Cable operators such as Comcast and Charter will continue to dip their toes deeper into the fixed wireless market too. Spectrum acquisitions including CBRS have laid the groundwork for the extension of their existing cable and WiFi footprints, increasing their addressable subscriber base in a cost-efficient manner.
OTARD Rule Changes simplify Densification efforts.
The continued reformation of planning and zoning laws over recent years has been of particular benefit to WISPs. Through ambitious programmes including the “5G FAST Plan”, the FCC has sought to reduce barriers to deployment, which have traditionally led to increased costs and extended rollout timeframes for fixed wireless services.
In January, for example, the regulator announced an important rule change concerning the deployment of over-the-air reception devices (OTARDs) or small cell antennas. Prior to this, the rules did not apply to such devices in cases where they were used primarily as hubs to distribute service to multiple subscriber locations through a relay architecture.
Put simply, the move enabled the extension of OTARD protection to broadband-only “hub and relay” antennas, provided they satisfy other rules such as specified size limitations. For densification purposes with mid and high-band spectrum in urban environments, this represented a significant development.
Following the rule change, former FCC Chairman Ajit Pai explained that “extending OTARD protection to qualifying broadband-only antennas will remove unreasonable barriers to deployment erected by third parties, such as local zoning laws and private restrictive covenants as well as excessive permitting fees”.
Spectrum Auctions and Government Stimulus Spending foster Expedited Deployments.
Investment in the acquisition of further spectrum assets remains a constant feature of the fixed wireless market. The coronavirus pandemic, in particular, has underlined the criticality of high-speed broadband and spurred significant increases in traffic volumes, especially in the uplink.

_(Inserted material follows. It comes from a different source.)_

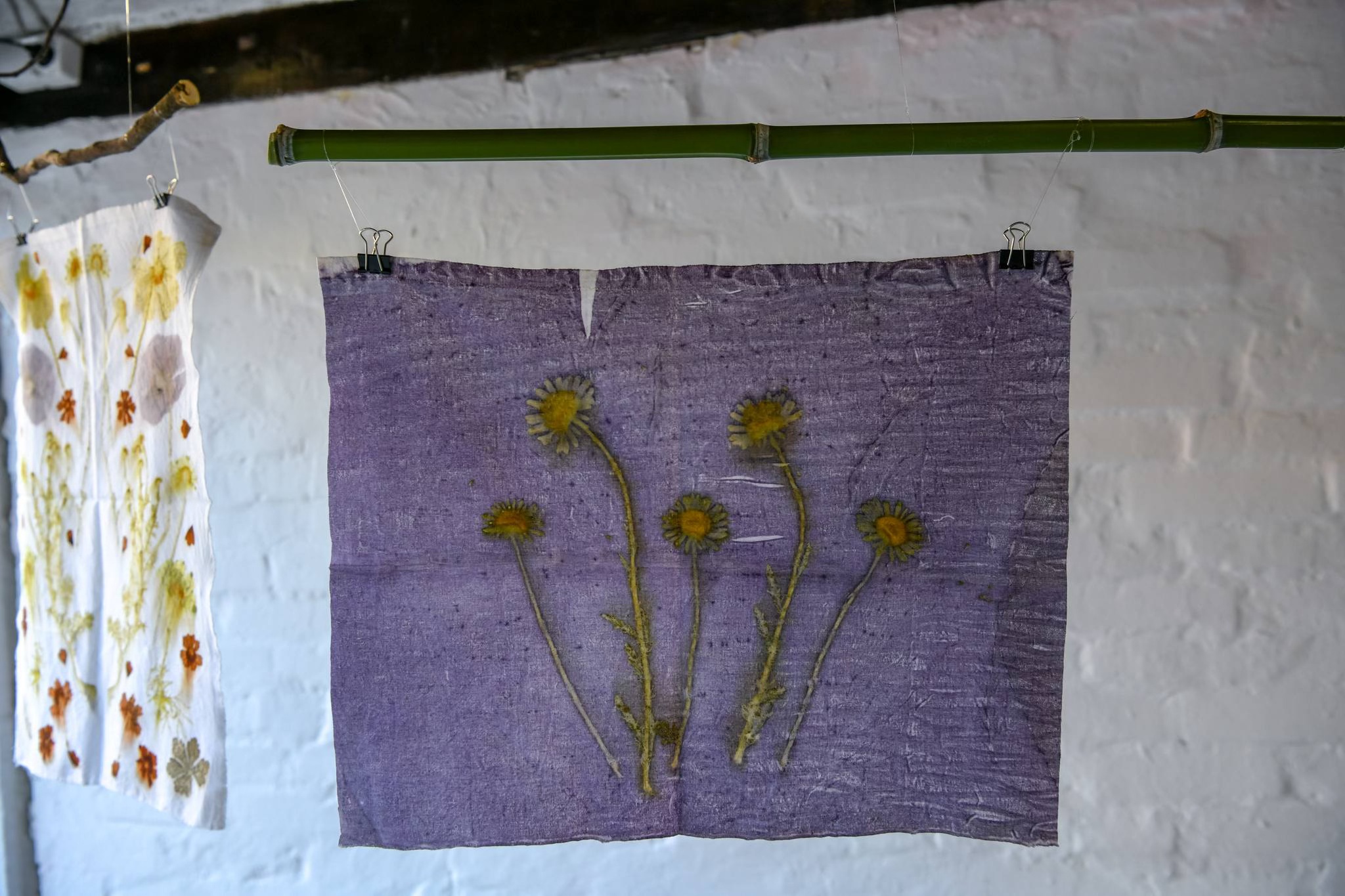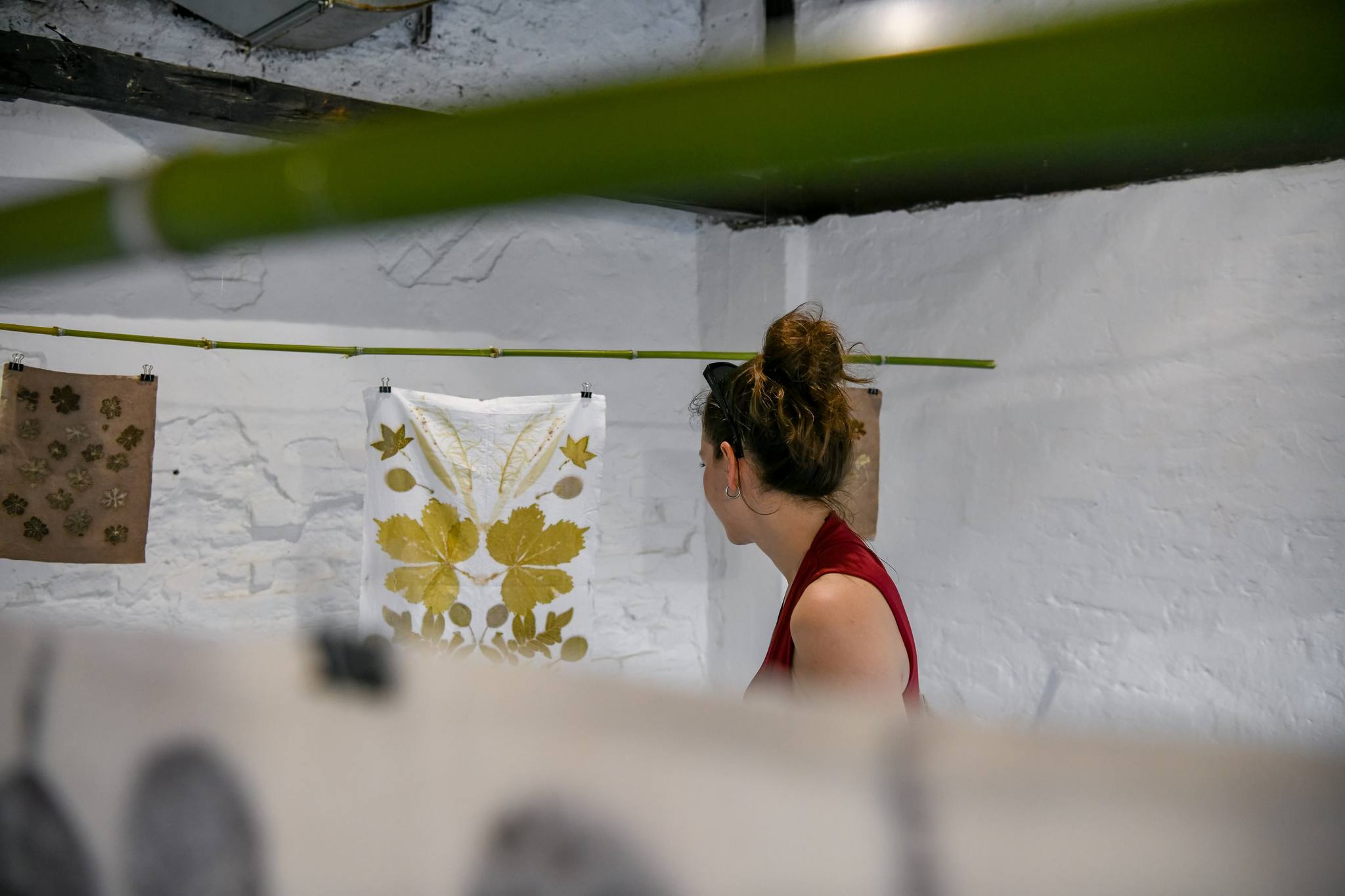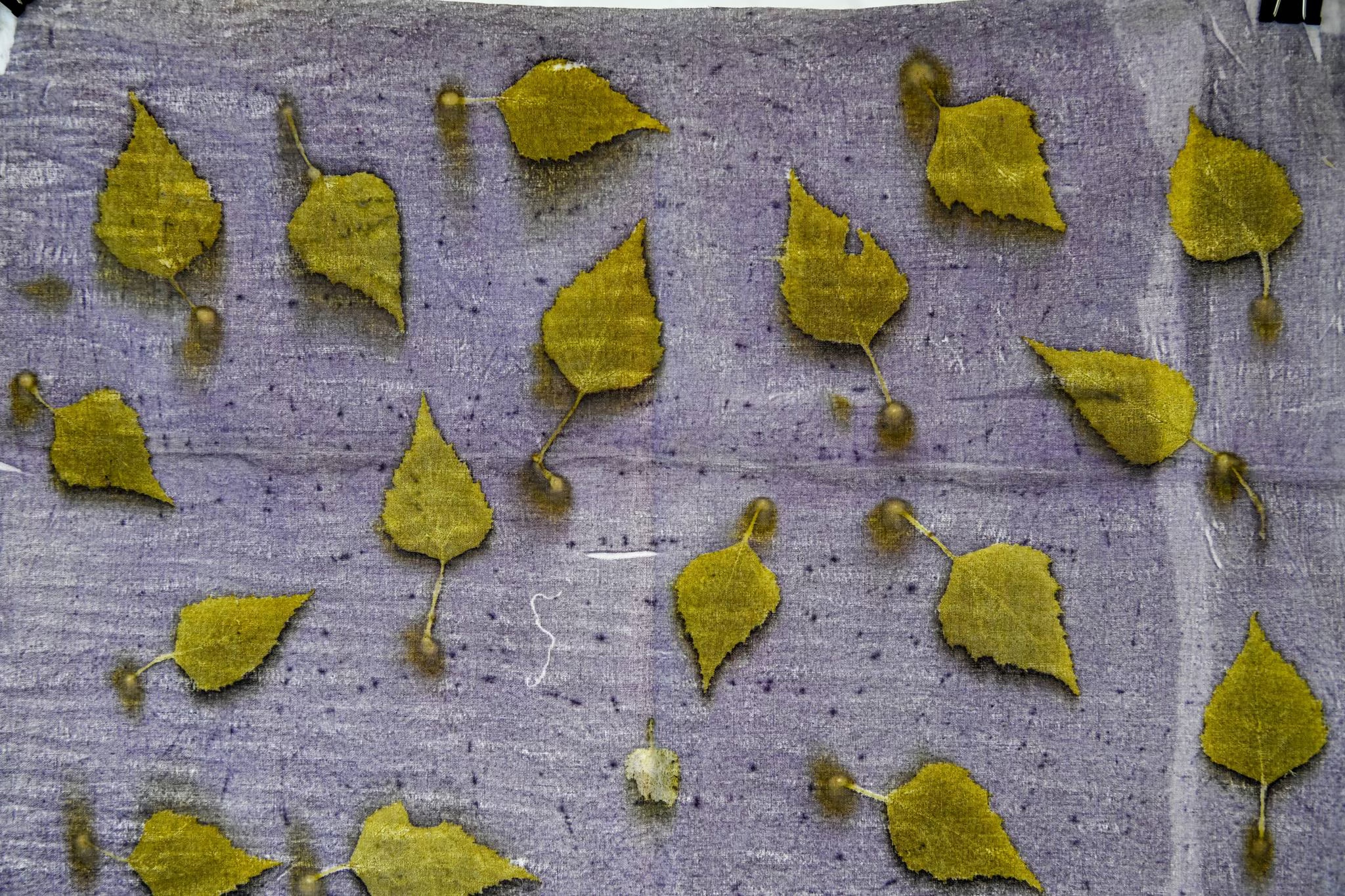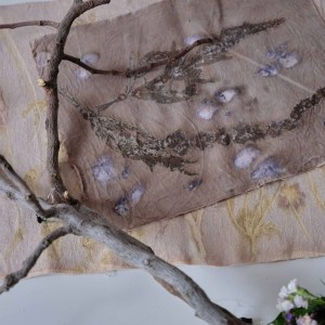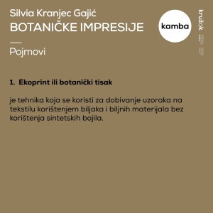 The works from the series Botanical impressions from the author Silvia Kranjec Gajić are examples of works made from one’s own volition and investment of free time into personal development supported by neighbors from the natural environment. Work created by the principle of μεράκι, from one’s desire, have the characteristics of pre-manufactural works: before works were separated (alienated) and put on an assembly line, its author had to be highly artistically and technically skilled. Fabric painted by plants, using the ecoprint technique requires of its author a hand that has been trained over time and that skillfully masters the balance of art and technique. This type of product requires and is explicitly focused on the process which separates it from mass production and makes it long-lasting, more valuable and unique, as can be seen in the extreme precision of the author’s works, some of which give the impression of hyperrealist painting- thus confirming the author’s refinement and dedication to each canvas individually. The principle of μεράκι also opens the gates to experimental methods. This introduces a dose of unpredictability which further enriches the final product; the creation of a perfect composition on fabric by a human hand is possible, with subsequent processing and the action of plants, the inhabitants of nature will create their own unique composition on the canvas, according to their own rules, which evokes a sense of surprise in us (humankind).

In response, WISPs have been engaging in densification work and upgrading sites with more spectrum, higher order MIMO and greater use of fibre for backhaul. Fortunately, the FCC intervened to provide Special Temporary Authority for over 100 WISPs to use the 5.9GHz band as a mechanism to further enhance network capacity.

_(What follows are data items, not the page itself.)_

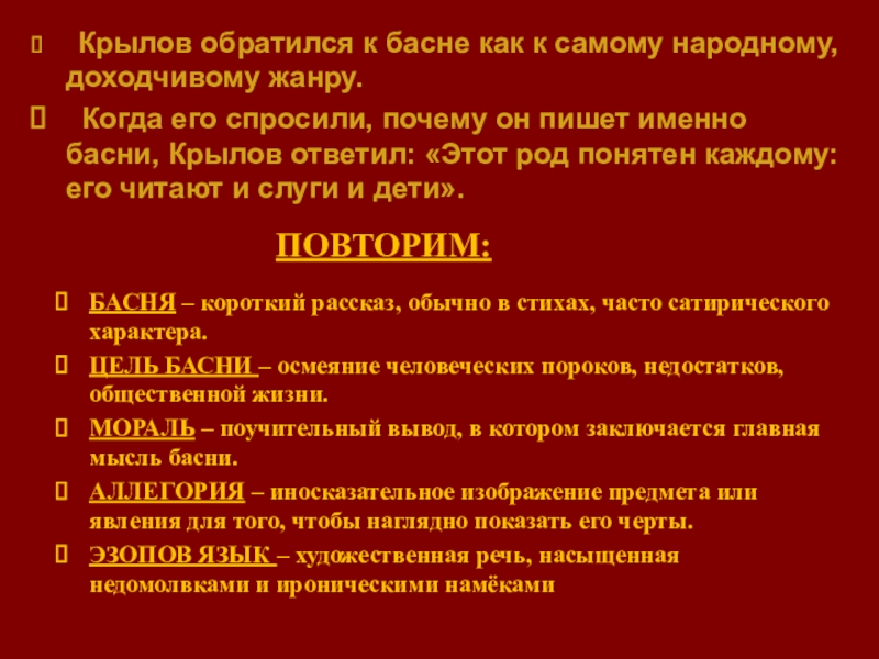 Слайд 4 Крылов обратился к басне как к самому народному, доходчивому жанру.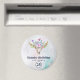 Ímã de aniversário save the date com um fundo de aquarela turquesa e pastel. Uma caveira de animal boho chic com um buquê floral sobre a cabeça e borboletas pequenas voando ao redor.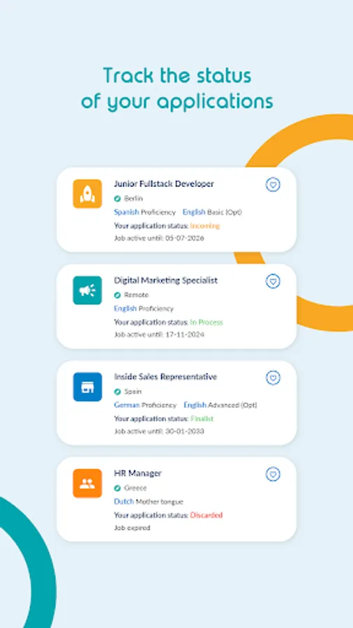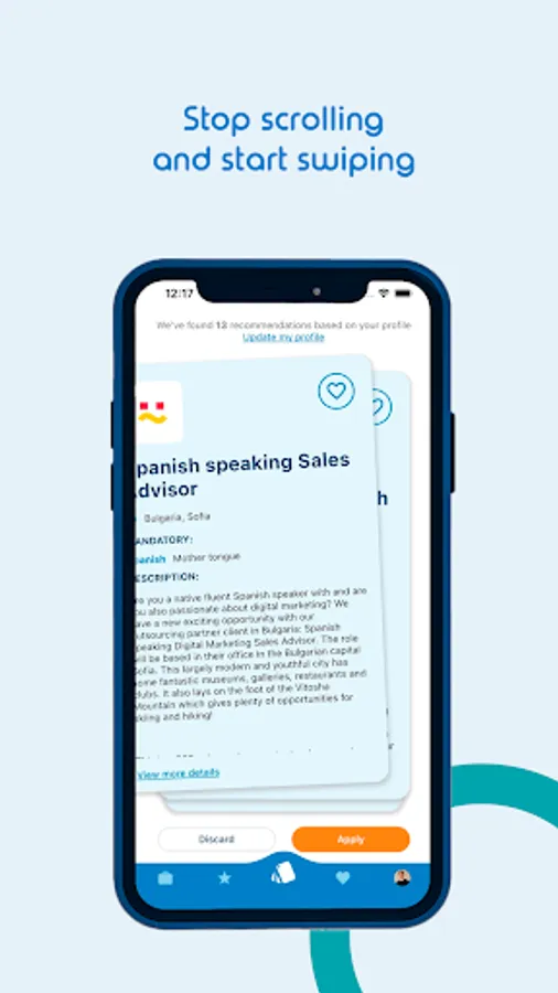 Swipe right to easily apply to job offers you find attractive. Yes, it is as easy as online dating. Swipe left to discard the vacancies you are not interested in. And don’t worry, you can always go to the “Discarded” menu to review them again.

The participation of WISPs in the CBRS Auction last year also represented a significant milestone for the industry, and paves the way for a combination of PAL and GAA-based fixed wireless deployments. In the field, downlink speeds in excess of 250Mbps over several miles have been reported.
Government stimulus spending will aid CBRS deployments over the coming years as part of efforts to tackle America’s digital divide. Phase 2 of the Rural Digital Opportunity Fund (RDOF), for example, is slated to provide $11 billion in funding towards expanding rural broadband access.
Similarly, the recently signed “American Rescue Plan” has also designated about $350 million in funding to states, and some of this is likely to be leveraged to support fixed wireless deployments.
But the digital divide isn’t just confined to rural America. Starry, a fixed wireless provider present in markets such as Boston, Los Angeles and New York City, started to offer a 30Mbps symmetrical broadband service to 29,000 units of public and affordable housing at the beginning of this year. Named the “Starry Connect” program, it provides Internet access for only $15 per month.
Conclusion: Fixed Wireless is set for continued growth.
The confluence of recent mid-band spectrum auctions and budding 5G rollouts is infusing renewed momentum into the fixed wireless market. Combined with increased capacity demands arising from the impact of the pandemic, there is profound economic and social impetus for continued network expansion in rural areas and further densification in urban hotspots.